| name | test-expected-vs-actual-behavior |
| description | Don't assume code works as intended. Test actual behavior against expected behavior. Write tests for normal cases, edge cases, and error cases. Test boundaries, limits, and constraints. Verify output matches specification. |
Test Expected vs Actual Behavior
Overview
Don't assume code works as intended. Test actual behavior against expected behavior. Write tests for normal cases, edge cases, and error cases. Test boundaries, limits, and constraints. Verify output matches specification.
When to Apply
- All new functions
- All public APIs
- Complex logic
- Edge case handling
- Error handling
- State transitions
Examples
✓ Correct - Behavior Testing
describe('Calculator.add()', () => {
test('adds two positive numbers correctly', () => {
expect(add(2, 3)).toBe(5);
expect(add(10, 20)).toBe(30);
});
test('adds negative numbers correctly', () => {
expect(add(-2, -3)).toBe(-5);
expect(add(10, -5)).toBe(5);
});
test('handles zero correctly', () => {
expect(add(0, 5)).toBe(5);
expect(add(0, 0)).toBe(0);
});
test('throws error for non-numeric inputs', () => {
expect(() => add('2', 3)).toThrow();
expect(() => add(null, 3)).toThrow();
});
test('handles large numbers', () => {
expect(add(Number.MAX_SAFE_INTEGER - 1, 1)).toBe(Number.MAX_SAFE_INTEGER);
});
});
function testUserCreation() {
const user = createUser('John', 'john@example.com', 30);
assert(user.id > 0, 'User should have ID');
assert(user.name === 'John', 'User name should match input');
assert(user.createdAt instanceof Date, 'User should have creation date');
assert(user.active === true, 'New user should be active');
}
❌ Incorrect - No Behavior Testing
function add(a, b) {
return a + b;
}
function createUser(name, email, age) {
return { name, email, age };
}
Rationale
Untested code is assumed to work, but usually has bugs. Testing verifies actual behavior matches expected behavior. It catches bugs before users do.
Verification
- Tests for normal cases exist
- Tests for edge cases exist
- Tests for error cases exist
- Tests for boundaries and limits exist
- All tests pass before deployment
Common Failure Patterns
- Asserting implementation details rather than observable behavior, making tests fragile.

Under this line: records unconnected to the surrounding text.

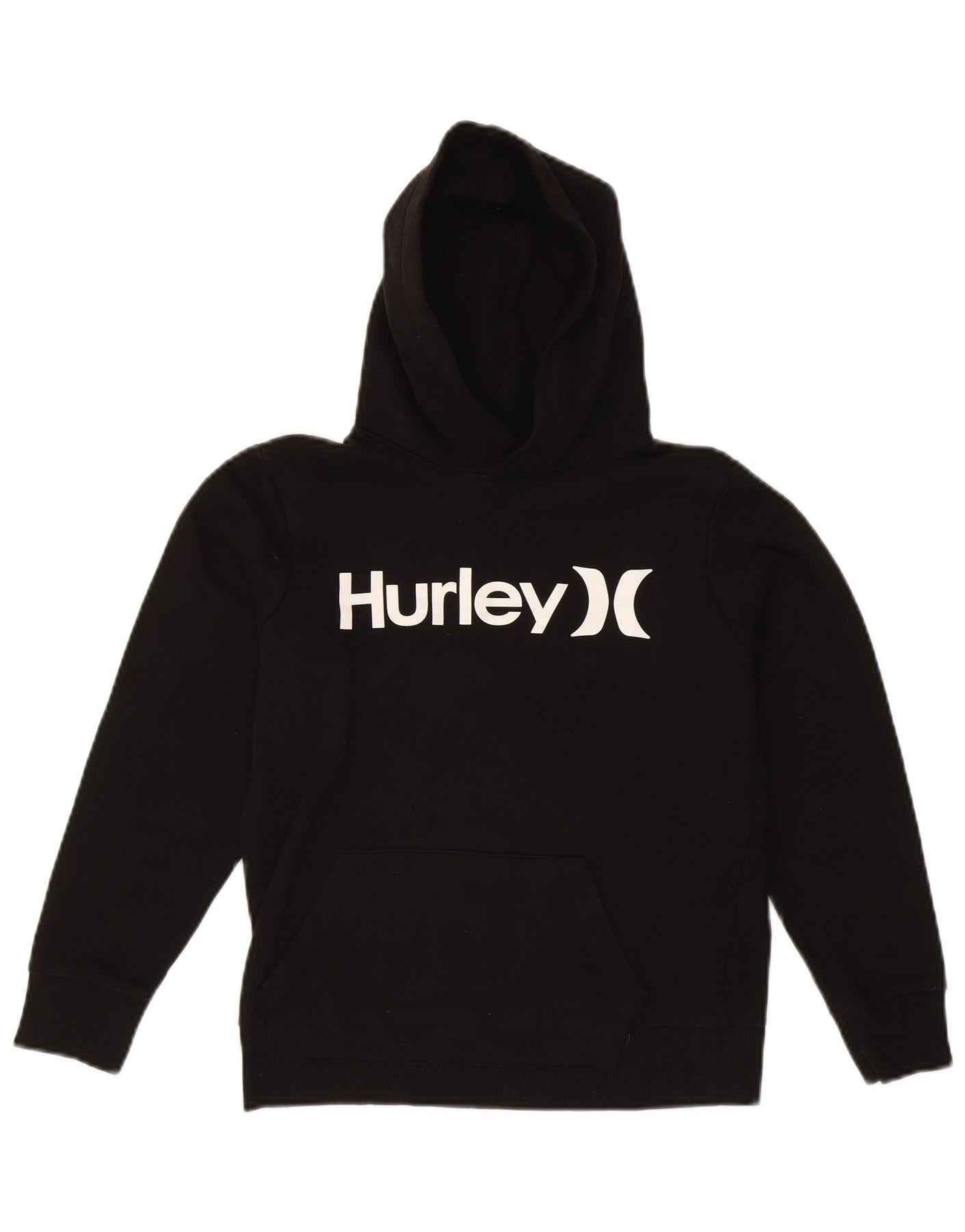 HURLEY Boys Graphic Hoodie Jumper 10-11 Years Medium Black Cotton
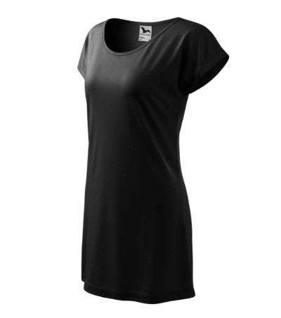 Testre simuló női póló. Lezser szabás, kimonó ujjal. Ovális nyakkivágás, az alapanyagból készült szegéllyel. A póló hossza több viselési módot tesz lehetővé: póló, ruha, tunika. A póló szárítását, vízszintes helyzetben ajánljuk, a felhasznált anyagból kifolyólag.
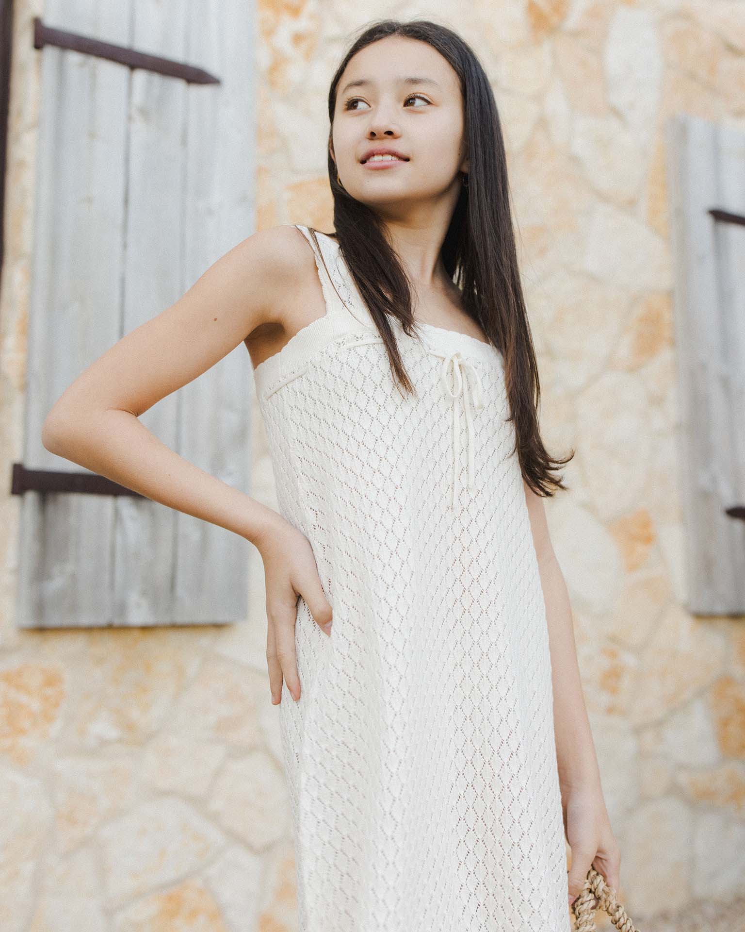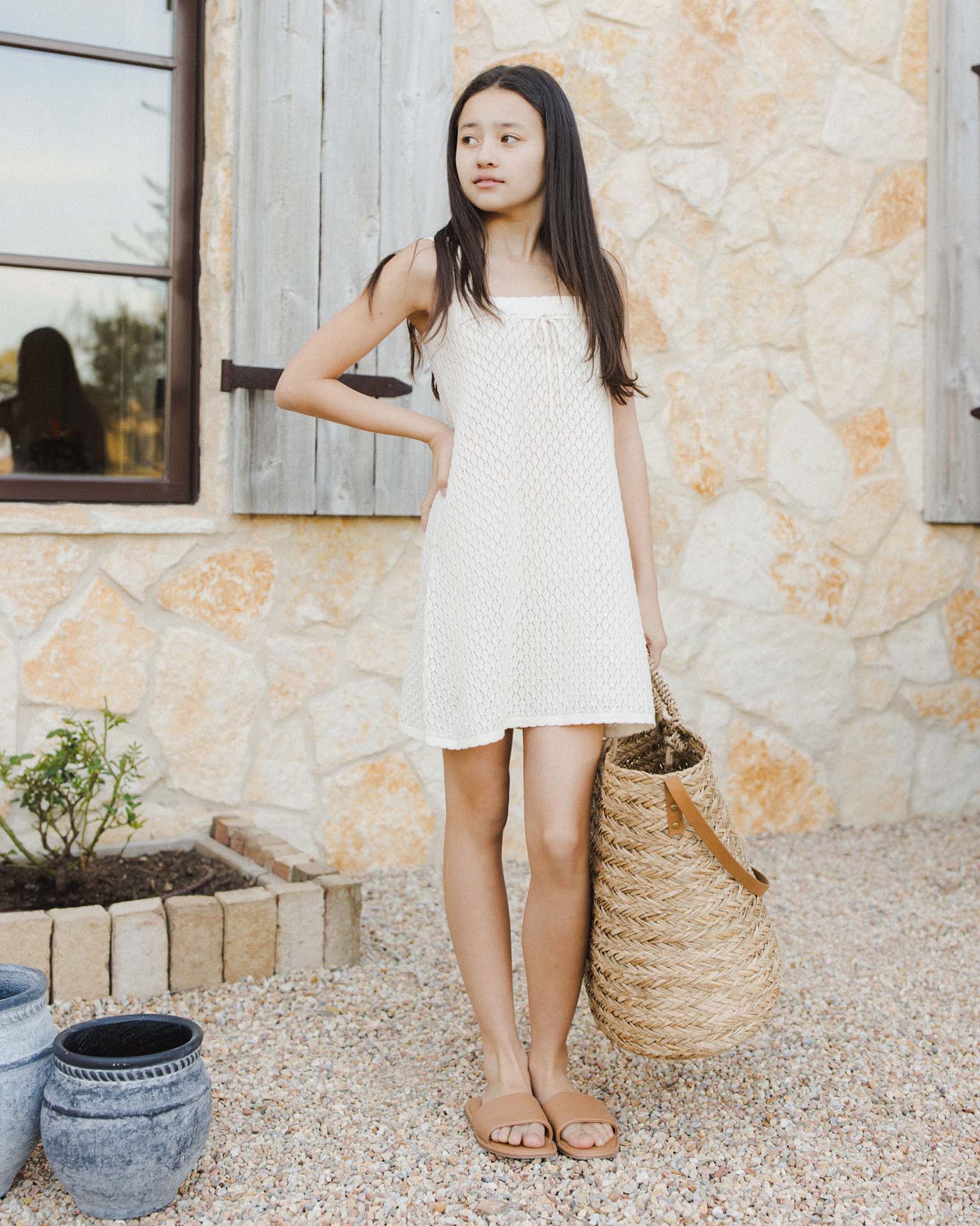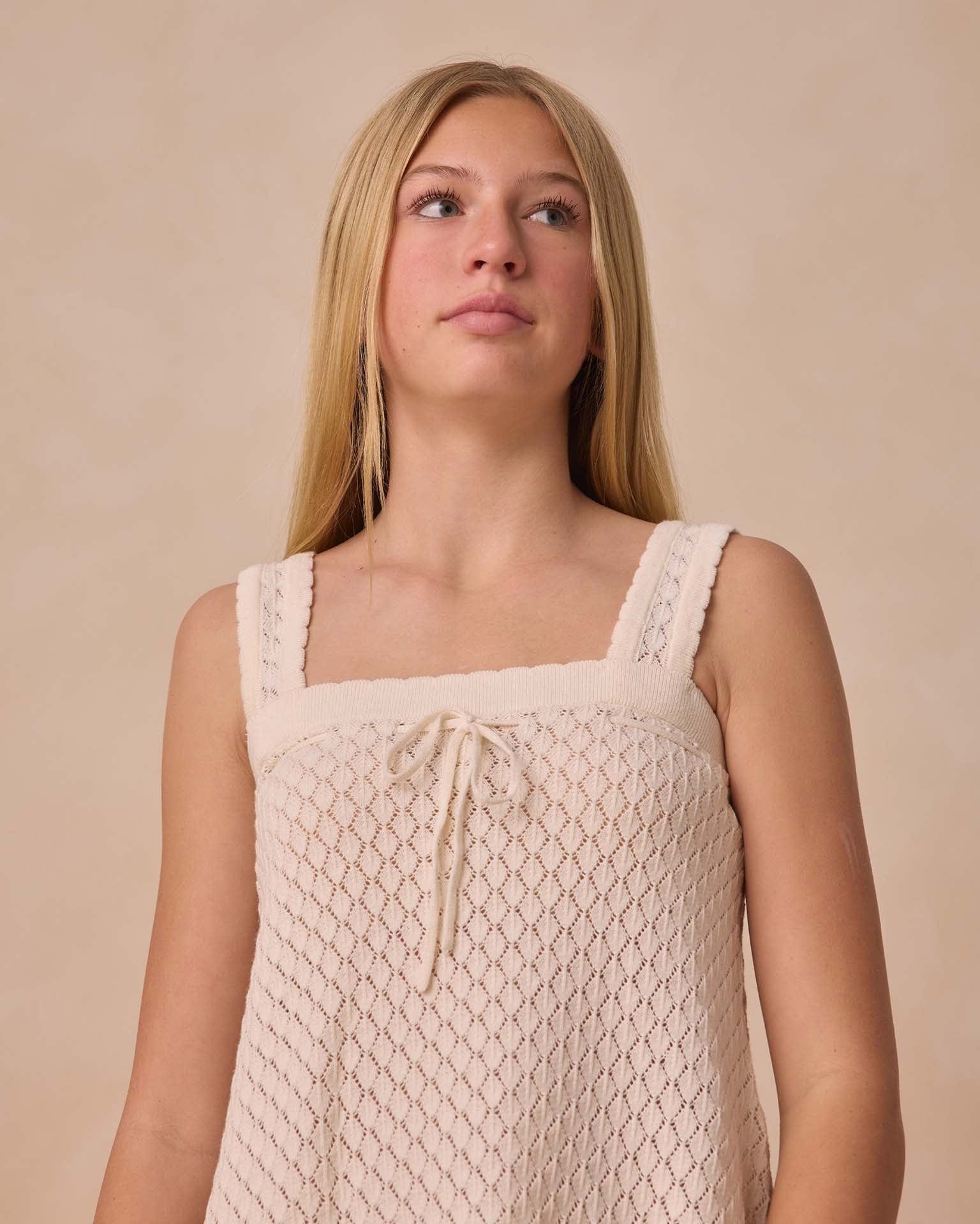 teen crochet tank mini dress in ivory
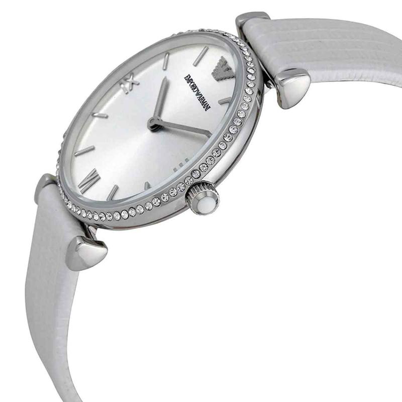 The Emporio Armani AR1680 from the Gianni T-Bar collection is a sophisticated and feminine timepiece. This 32mm ladies’ watch features a polished stainless steel case. The bezel frames an exquisite Mother of Pearl dial, which shimmers beautifully and is accented by silver-tone indices and hands. The watch is completed by a refined white genuine leather strap, secured with a buckle. Powered by a reliable quartz movement and water-resistant to 30 meters, the AR1680 is a perfect blend of delicate design and enduring elegance.
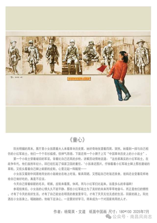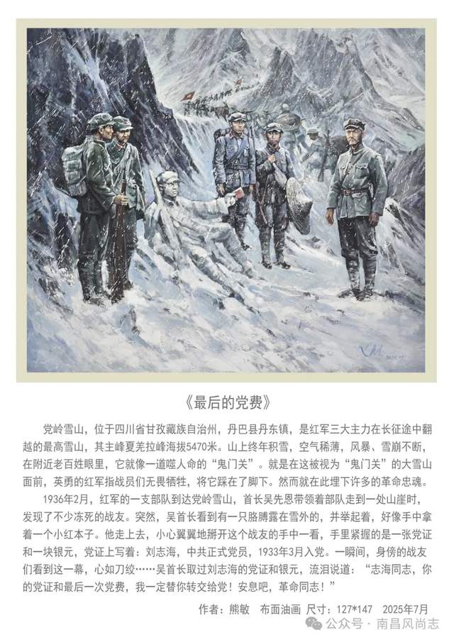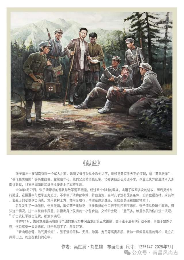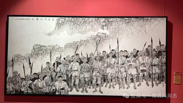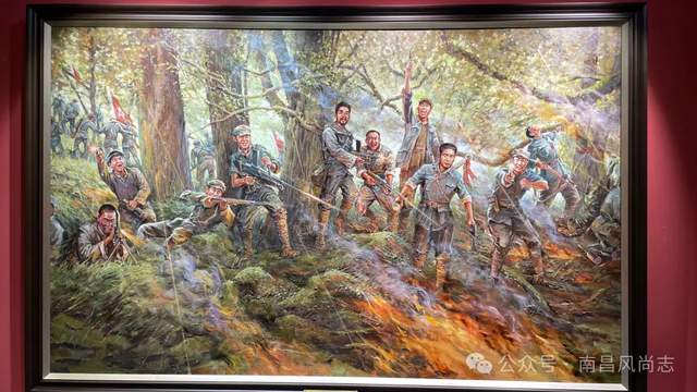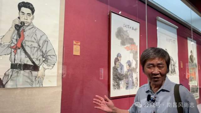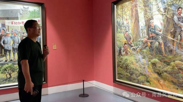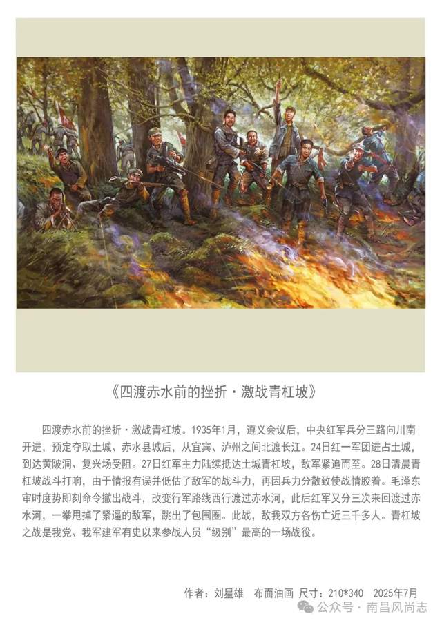 在画展现场,我巧遇了江西师范大学教授、著名油画家刘星雄先生,他有两幅油画巨幅作品参展。分别是《反围剿扩红·八子参军》《四渡赤水前的挫折·激战青杠坡》。两幅油画创作耗时四个多月,高度是2米1,寓意党的成立是1921年。长3米4,寓意红军长征为1934年。
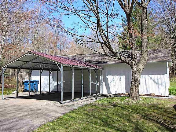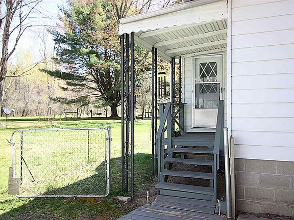 Fantastic find on 6.2 acres! Lovely private setting, 1300 sq foot home with 3 bedrooms 1.5 baths, freshly painted throughout, new flooring, updated bathroom and furnace and central air. home is wired for a generator. Large 2.5 garage plus an Amish built 2 story 48x42 pole building, along with multiple sheds and pens. A little slice of country paradise, you may even spot some of the several turkeys and deer that roam the property.
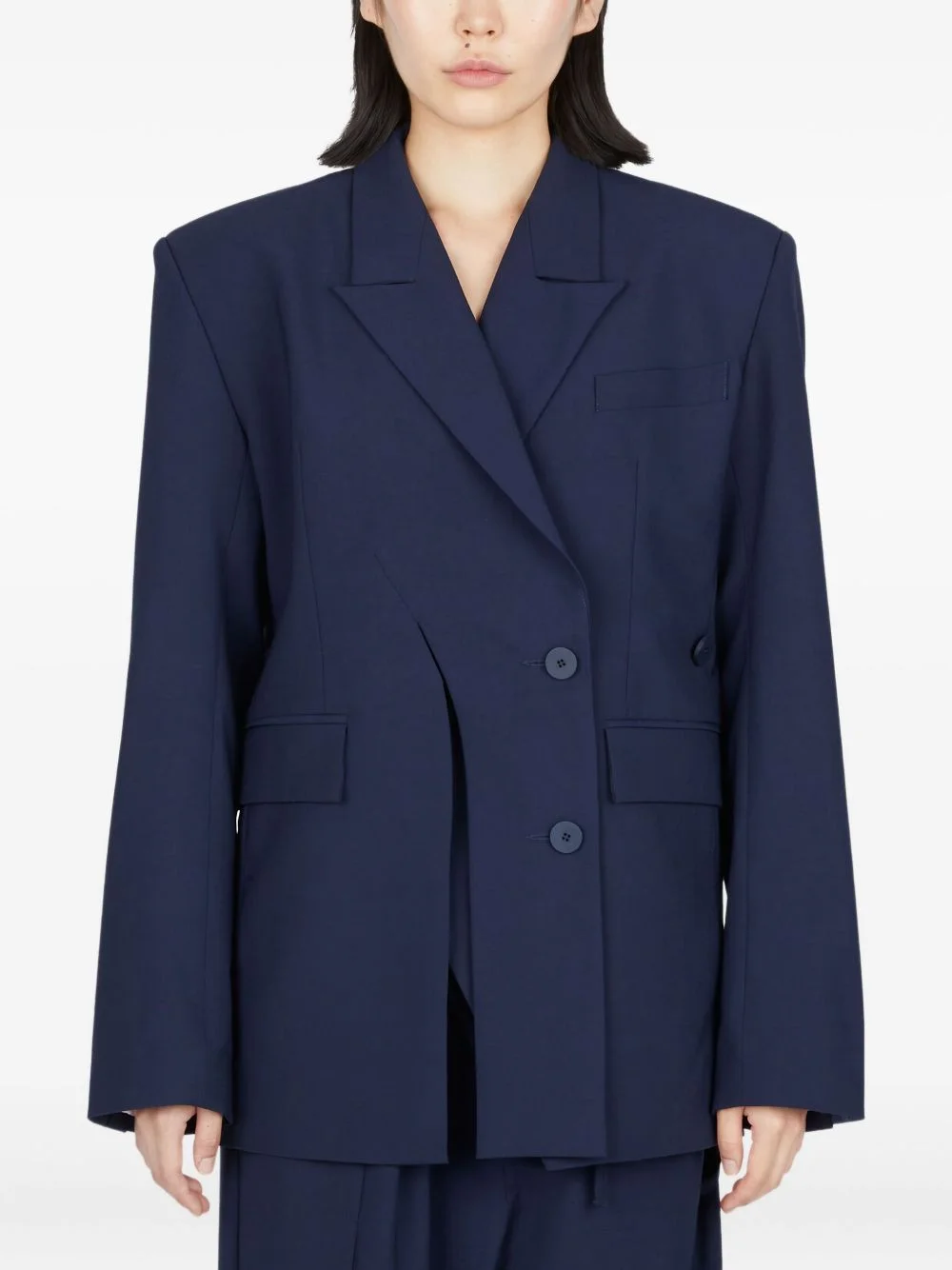 Signature Split double-breasted blazer Highlights - Navy blue - Padded shoulders - Asymmetric hem - Double-breasted button fastening - Notched lapels - Long sleeves Imported Composition Polyester 53%, Virgin Wool 43%, Elastane 4% Washing instructions Read Manufacturer Guidelines
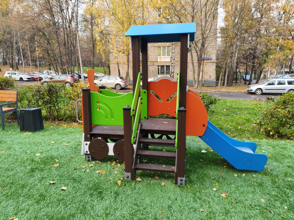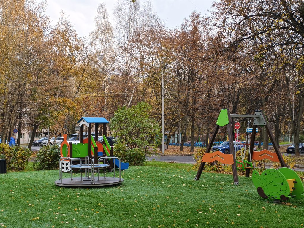 Также на территории дома была обновлена детская площадка. Здесь были установлены новый детский городок, качели и песочница, которые радуют сегодня детвору.
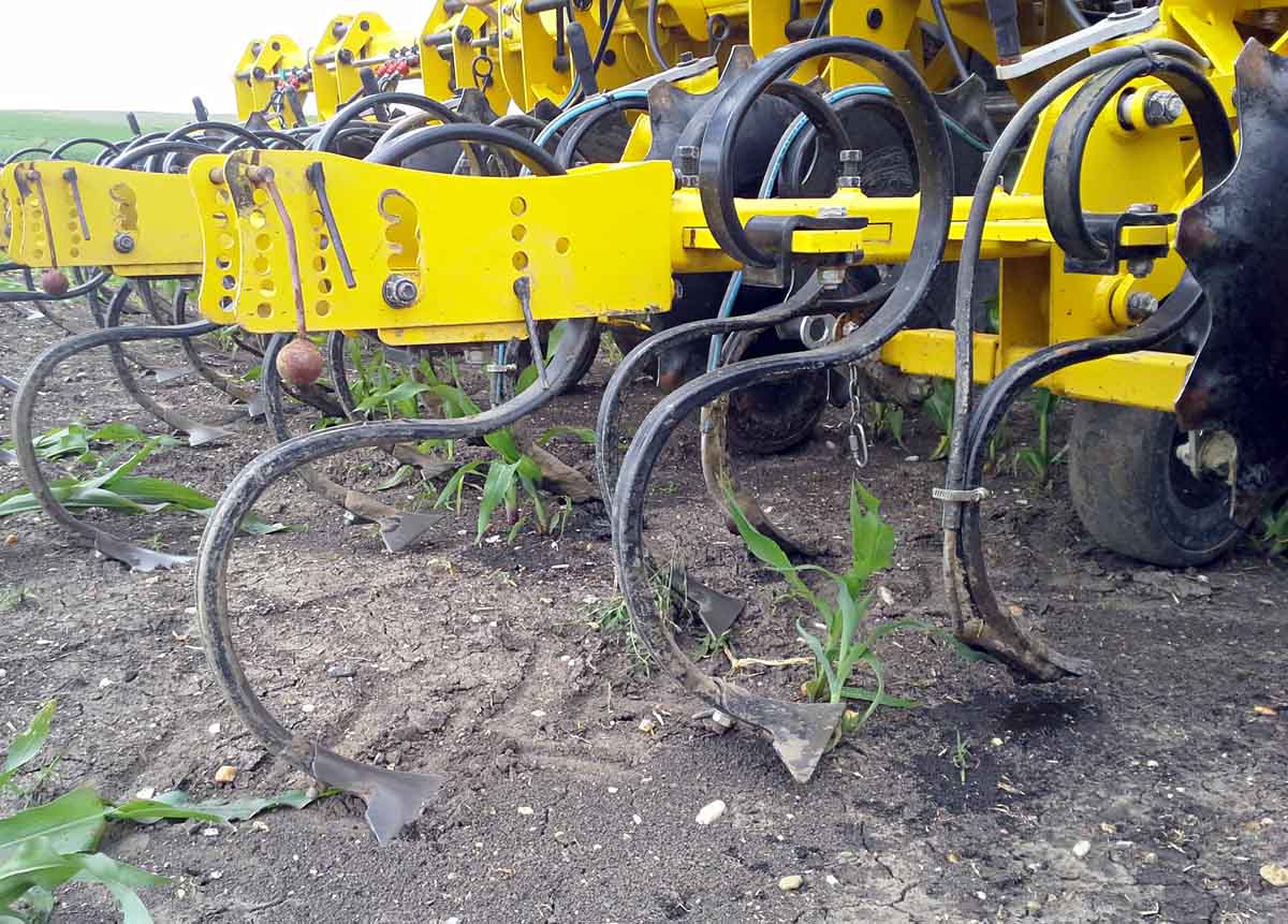 Výhodné pro rozrušení povrchové slévavosti jsou nové koncepce pracovních orgánů umístěných ve vozících (sekcích) kypřiče s několika různými typy radliček na pružných slupicích. Tím jsou kombinace šípovitých radliček (širší a užší) umístěných uprostřed kypřeného meziřádku a krajních dlátek, které bezpečně prokypřují půdu v blízkosti řádků kukuřice (obr. 3). Nezbytnou pomůckou nových technologií kultivace je použití naváděcích senzorů pro nepřetržitou ochranu porostu před poškozením a pro ulehčení obsluhy.

- Testing the absence of bugs rather than the presence of correct behavior.
- Writing tests that pass with incorrect implementations due to weak assertions.
- Not defining what "correct" means before writing the test, leading to vague assertions.
Design Patterns to Apply
- Specification-Driven Testing: Write the expected behavior as executable specifications before coding.
- Property-Based Testing: For pure functions, generate random inputs and verify output properties hold.
- Snapshot Testing: Capture expected outputs for complex data structures and assert exact matches.
- Behavior Assertions: Assert on public outcomes (return values, state changes, emitted events) rather than internal state.
Implementation Playbook
- Define the specification — Before writing code, write what the function must do in plain language.
- Derive test cases from spec — Each clause of the spec should map to at least one test case.
- Write assertions that verify outcomes — Check return values, thrown error types, state changes, and side effects.
- Test happy path, edge cases, and error paths — The spec covers all three categories.
- Refactor tests with code — When implementation changes, update tests to still reflect the spec.
Contract Template
function calculateArea(width: number, height: number): number {
if (typeof width !== 'number' || typeof height !== 'number') {
throw new TypeError('Width and height must be numbers');
}
if (width <= 0 || height <= 0) {
throw new Error('Width and height must be positive');
}
return width * height;
}
describe('calculateArea', () => {
test('returns correct area for positive dimensions', () => {
expect(calculateArea(3, 4)).toBe(12);
expect(calculateArea(10, 5)).toBe(50);
});
test('throws for zero or negative dimensions', () => {
expect(() => calculateArea(0, 5)).toThrow('positive');
expect(() => calculateArea(3, -1)).toThrow('positive');
});
test('throws for non-numeric inputs', () => {
expect(() => calculateArea('3' as unknown as number, 4)).toThrow(TypeError);
});
});
Code Review Prompts
- Does each test assert on observable behavior rather than implementation details?
- Can the tests detect if the implementation is wrong, or would they pass for an incorrect implementation?
- Does each test cover a distinct case from the specification?
Skill Deepening Notes
Mastering 'Test Expected vs Actual Behavior' requires understanding that tests are specifications of behavior, not validations of implementation. The question "does this code work?" is incomplete—correct code works for all valid inputs, fails gracefully for invalid inputs, and produces predictable outputs. A test that only checks the happy path with one input is not testing correctness; it is testing coincidence. True verification means defining what correct behavior looks like across the full input domain and ensuring the implementation matches.